Nevertheless, Rob Theakston of AllMusic was mixed in his review, stating that "Emotive falls flat and fails to raise the bar set so high by the quality of their previous two releases." He also criticized the style of the album and wrote: "A Perfect Circle work their way through 12 songs that would almost be unrecognizable in their current arrangement if one weren't familiar with the original versions of each song."

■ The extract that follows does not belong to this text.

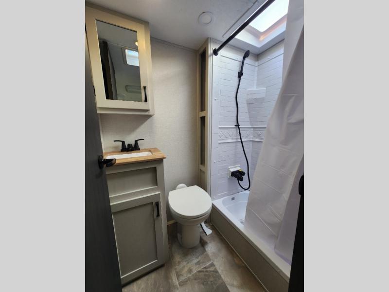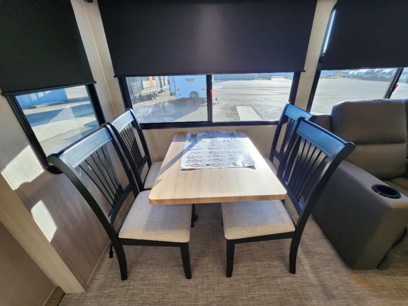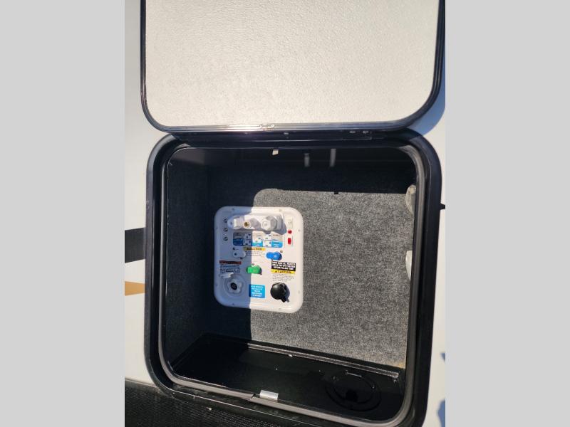 With any Phoenix mid-profile fifth wheel by Shasta RVs, the stand out construction features include residential 5" truss rafters, full walk-on roof decking, vacuum bonded and aluminum framed sidewalls with rot proof AZDEL composite sidewall panels. The Weather Shield+ offers cold and hot testing, 12V thermal tank heaters on all tanks, a sectionalized underbelly and heated gate valves and more so you can camp during any season you wish. The Road Armor Suspension by Trail Air will make towing easier than ever, and the upgraded marine-style convenience center includes a black tank flush plus a hot/cold shower to wash off hiking gear. Head inside to find solid surface countertops and sink covers, an upgraded 50" 4K Smart LED TV in the living room, USB/USB-C charging ports, and an upgraded 60K BTU on-demand water heater to name a few comforts!

===Commercial performance===
The album's sales were similar to its reception – positive, but less so than prior albums. The position debuted at number 2 on the US Billboard 200 chart, selling 142,000 copies in its first week – matching Thirteenth Step's peak chart placement, but selling almost 90,000 copies less. It was certified Gold by the RIAA on December 9, 2004, indicating half of a million units sold.

==Track listing==

| No. | Title | Writer(s) | Length |
|---|---|---|---|
| 1. | "Annihilation" (Crucifix cover) | Matthew Borruso; Christopher Douglas; Sothira Pheng; | 2:13 |
| 2. | "Imagine" (John Lennon cover) | Lennon | 4:48 |
| 3. | "Peace, Love, and Understanding" (Brinsley Schwarz cover) | Nick Lowe | 5:03 |
| 4. | "What's Going On" (Marvin Gaye cover) | Gaye; Renaldo Benson; Al Cleveland; | 4:53 |
| 5. | "Passive" | Danny Lohner; Maynard James Keenan; Trent Reznor; Billy Howerdel; | 4:09 |
| 6. | "Gimmie Gimmie Gimmie" (Black Flag cover) | Greg Ginn | 2:18 |
| 7. | "People Are People" (Depeche Mode cover) | Martin Gore | 3:43 |
| 8. | "Freedom of Choice" (Devo cover) | Gerald Casale; Mark Mothersbaugh; | 2:59 |
| 9. | "Let's Have a War" (Fear cover) | Philo Cramer; Lee Ving; | 3:28 |
| 10. | "Counting Bodies Like Sheep to the Rhythm of the War Drums" | Howerdel; Keenan; | 5:36 |
| 11. | "When the Levee Breaks" (Memphis Minnie & Kansas Joe McCoy cover) | arranged by Howerdel/Keenan | 5:55 |
| 12. | "Fiddle and the Drum" (Joni Mitchell cover) | Mitchell | 3:06 |
| Total length: |  |  | 48:13 |

==Personnel==

A Perfect Circle
- Maynard James Keenan – lead vocals (1, 2, 4–6, 9–12), backing vocals (7, 8), piano (2), arranger, production (exec.), rearrangement (1, 2, 6, 9–12)
- Billy Howerdel – guitar (1–6, 8, 11), bass (2, 4, 8, 11), piano (1), harmonium (6), keyboards (1, 7), programming (1, 3, 7), backing vocals (2, 5, 10), lead vocals (3, 4, 7, 8), production, engineering, mixing (5, 7, 12), rearrangement (1, 3, 7, 8, 11)
- Danny Lohner – bass (5, 6, 9), guitar (5, 9), arranger; keyboards and programming (1), backing vocals (6, 7, 10), co-producer (2, 5, 6, 9, 10), engineer (10), mixing (10) rearrangement (4, 10), instrumentation (10)
- Josh Freese – drums (2–9, 11)
- Paz Lenchantin – piano (2, 5, 11), strings (2, 3)
- James Iha – guitar, keyboards and programming (7)
- Jeordie White – bass (7)

Additional musicians
- Charles Clouser – programming (3, 4)
- Josh Eustis – drums (10), engineering (10), Rhodes piano (10), mixing (10)
- Jason Freese – baritone and tenor saxophone (10)

Production
- Critter – additional engineering
- Steve Duda – digital engineering
- Steven R. Gilmore – design, photography, sleeve art, poster design
- John Giustina – photography
- David Mattix – assistant engineering
- Matt Mitchell – digital engineering
- Andy Wallace – mixing (1–6, 8, 9, 11)

==Charts==
===Album===

| Chart (2004) | Peak position |
|---|---|
| Australian Albums (ARIA) | 8 |
| Austrian Albums (Ö3 Austria) | 61 |
| Belgian Albums (Ultratop Flanders) | 97 |
| Canadian Albums (Billboard) | 5 |
| Dutch Albums (Album Top 100) | 46 |
| French Albums (SNEP) | 61 |
| German Albums (Offizielle Top 100) | 33 |
| Italian Albums (FIMI) | 31 |
| New Zealand Albums (RMNZ) | 2 |
| Norwegian Albums (VG-lista) | 18 |
| Scottish Albums (Official Charts) | 68 |
| Swiss Albums (Schweizer Hitparade) | 62 |
| UK Albums (Official Charts) | 80 |
| US Billboard 200 | 2 |

===Singles===

Year: Single; Chart; Position
2004: "Imagine"; Mainstream Rock Tracks; 26
Modern Rock Tracks: 26
"Passive": Mainstream Rock Tracks; 14
Modern Rock Tracks: 14

==Certifications==

| Region | Certification | Certified units/sales |
| Canada (Music Canada) | Gold | 50,000^{^} |
| United States (RIAA) | Gold | 500,000^{^} |
^{^} Shipments figures based on certification alone.